Honolulu attorney Robert Kawamura, who represents medical providers owed money by PGMA, told the Star-Bulletin his preliminary investigation points to the diversion of funds.

"We're talking about millions of dollars. That kind of money doesn't disappear overnight," Kawamura said. "It's got to be somewhere, and we believe it's tied up in real estate and other companies in which these people invested."

Graulty and Hayes are in the process of tracing all funds that flowed out of PGMA's accounts to determine what can be recovered.

Records have already been subpoenaed from individuals and businesses in Hawaii and California.

Graulty recently sued officers and directors of PGMA, alleging they failed to prevent mismanagement, misappropriation and other wrongdoing by corporate officials.

Graulty said he is now preparing legal action against former Honolulu real estate broker and insurance executive Peter Po Sang Wong, a key figure in PGMA's complex financial structure.

Wong, who is now living and working in California, did not return calls from the Star-Bulletin.

Wong was not an officer of PGMA, but, according to a 1994 examination of the company by state regulators, he controlled PGMA's key underwriting and marketing decisions through ownership of Pacific Equity Growth & Management, the association's sole marketing agent.

Wong was the managing general agent and plan administrator for PGMA and coordinated, authorized and reviewed "most of the association's major transactions and contracts" along with its marketing efforts, the report said.

Hayes said many of PGMA's officers and directors were employees or sales agents working for Wong.

Hayes is attempting to trace funds that flowed from the association to PEGM, and then to companies controlled by Wong or linked through overlapping officers and directors.

The companies include PGMA Inc., a for-profit company that shared the initials of the nonprofit insurer; Pacific Equity Factors; Pacific Employee Leasing Inc.; Pacific Equity Printers Inc.; Pacific Benefit Services Inc.; and Po Sang Corp., a Cayman Islands company.

One transaction disclosed in court records involves a check for $431,974.08 dated Aug. 4, 1994, from the PGMA Disability Benefit Fund to Pacific Equity Growth & Management Inc. Bank notations on the canceled check show it was exchanged for a cashiers check.

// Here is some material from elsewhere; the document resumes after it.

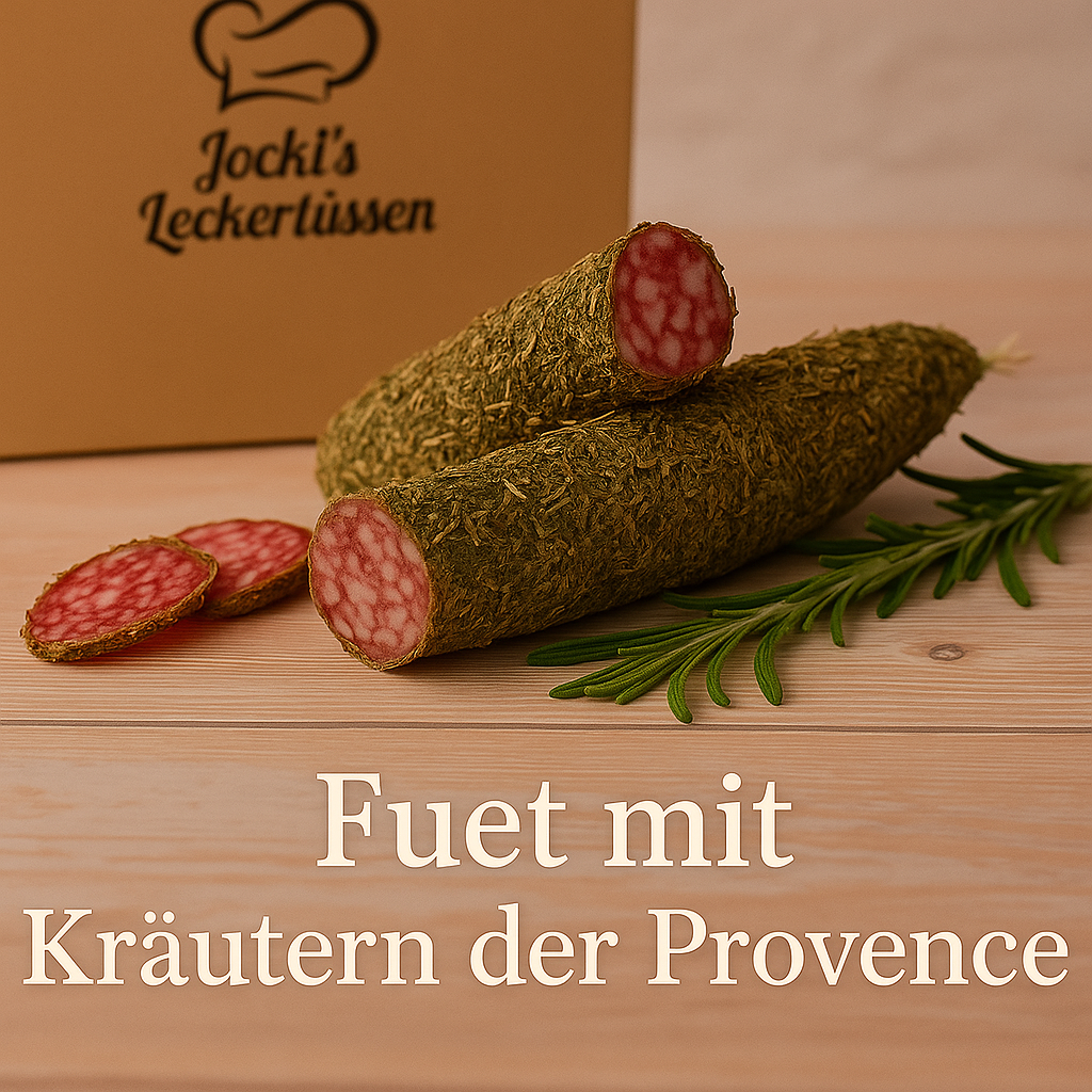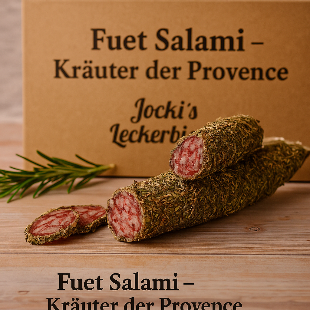 Ob pur genossen, zu mildem Käse oder zu einem Glas kräftigen Rotwein – die Kräuter-Fuet von Jocki’s Leckerbissen ist der Inbegriff mediterraner Lebensfreude.

The cashiers check is believed to have wound up in an account of Ling Fong Wong, Peter Wong's mother, and then went into an escrow account, Hayes said.

Real estate records show Ling Fong Wong purchased a $1.75 million home on Hawaii Loa Ridge at that time which was later listed in state business registration records as Peter Wong's residence.

Unpaid bills left in the wake of the insurer's collapse are now expected to reach $18 million, substantially higher than earlier estimates, according to recent accountings disclosed in court. Cash on hand at the end of November 1997 amounted to just $1.5 million, the records show.

A court injunction currently blocks medical providers from trying to collect PGMA's unpaid bills directly from individual patients. A ruling on whether patients will have to pay the unpaid bills is not expected until later.